The present disclosure relates to reinforcement learning, and more particular to a reinforcement learning-based agent policy generation method and non-transitory computer-readable medium.
Reinforcement learning (RL) policies are prone to high frequency oscillations. When no limitations or constraints are imposed in either the learning or in the environment, RL agents commonly develop exploitative behavior that maximizes reward to the detriment of everything else. Chasing high task performance (reward) is the goal of learning, but there are scenarios where additional factors must be considered. For example, when deploying a policy to hardware in the real-world, high-frequency oscillations are especially undesirable as they can cause damage to the actuators and other hardware.

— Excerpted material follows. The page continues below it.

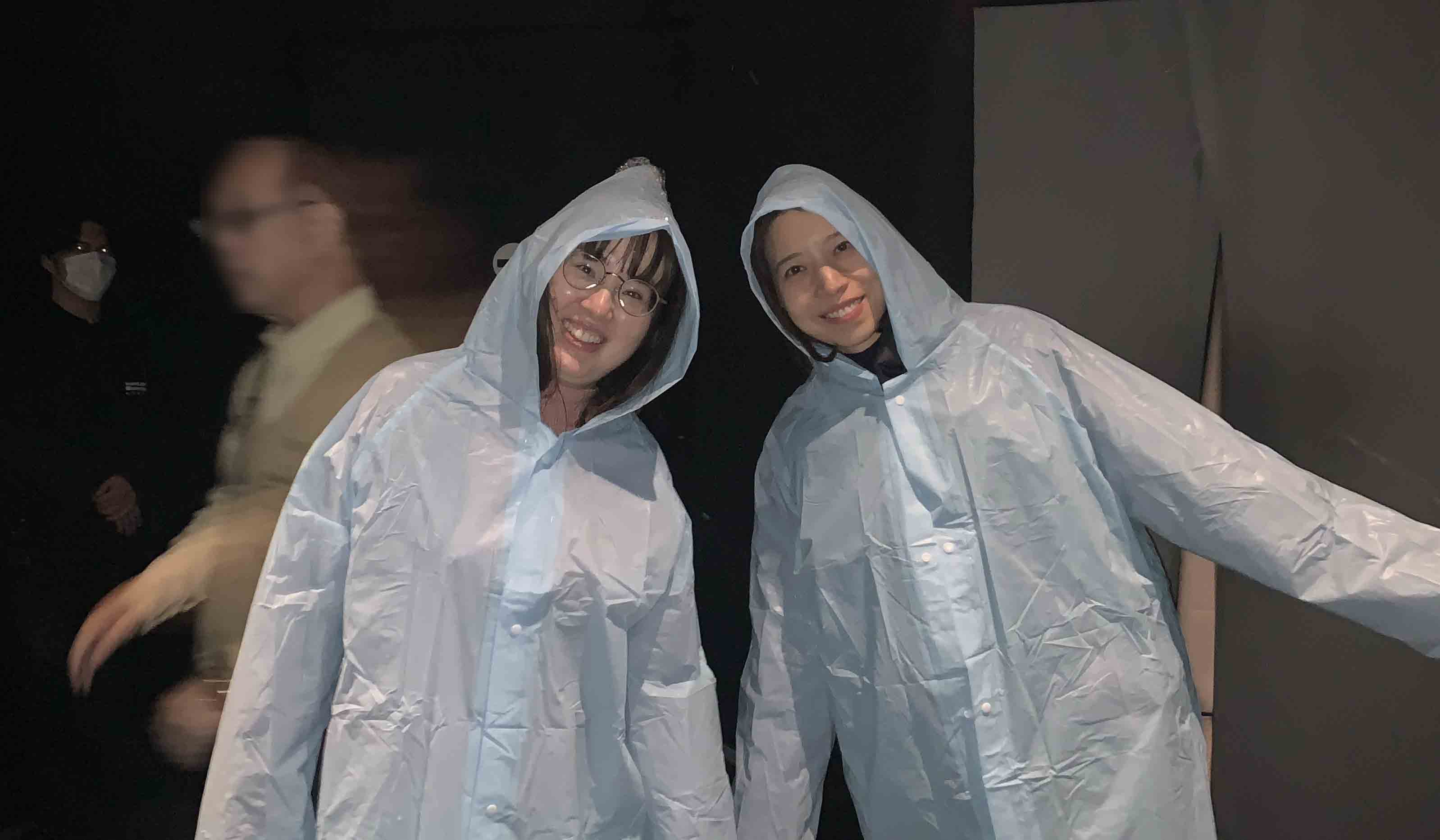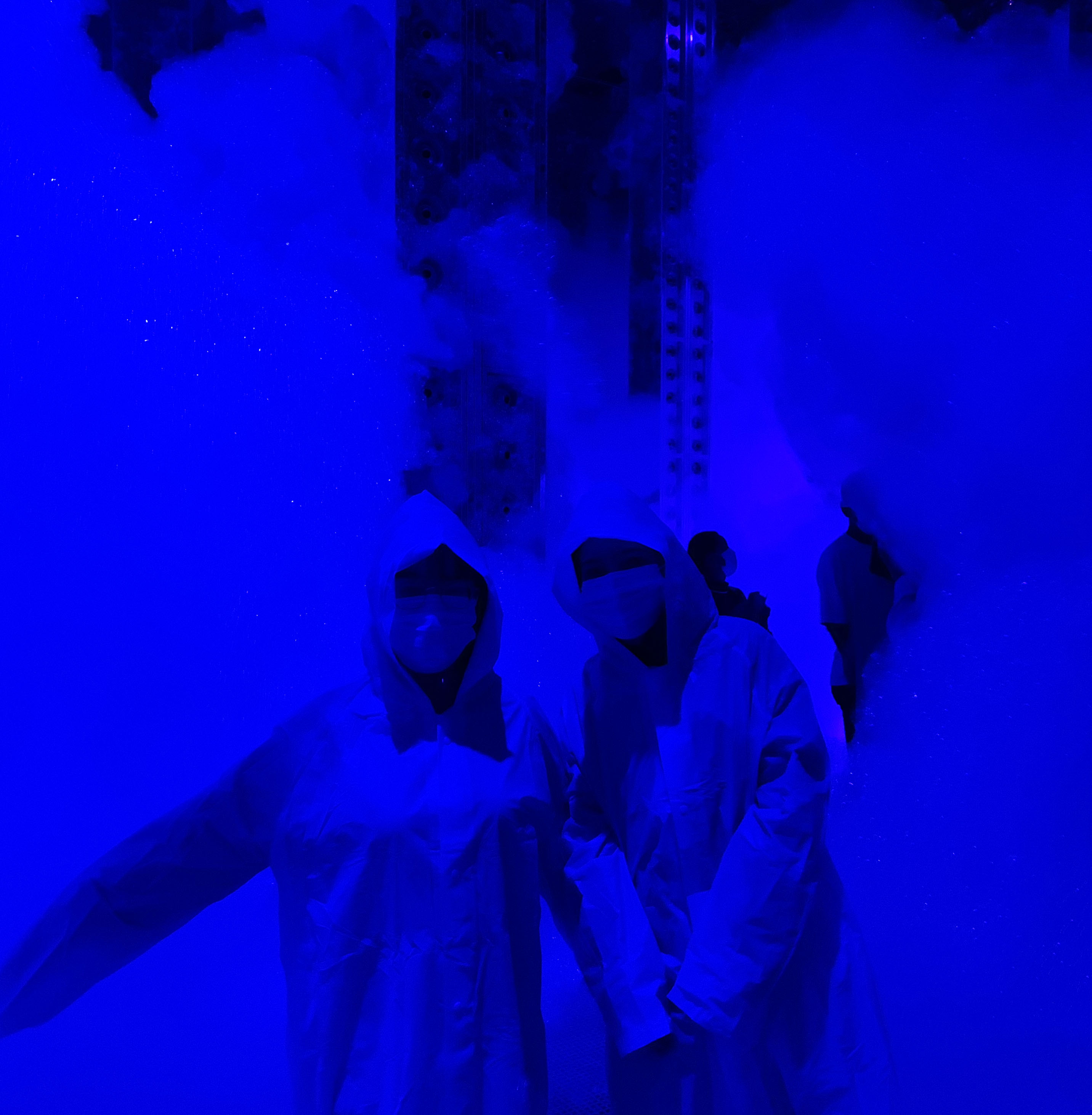 泡が渦巻いている部屋では、300円かかるが、こういう服を着て、マスクも着けると、泡の中に突っ込んでいける。 |

A straightforward way to mitigate the issue is to include penalization terms as part of the reward function. However, the learning algorithm tendency to exploit the reward function can lead to policies where subpar performance is preferred in favor of smoothness. Furthermore, reward function design is a complex matter, and can be difficult to express for many tasks in the first place. Adding additional penalization terms for high frequency oscillations essentially modifies the original learning objective, and can be difficult to tune. If the penalization weight is too large, the policy might prefer to not do much at all in order to avoid large negative rewards. On the other hand, if the weight is too small it might choose to ignore it and still generate high frequency oscillations. An ideal method should maintain the originally designed reward function and remove the need of adding new elements of complexity.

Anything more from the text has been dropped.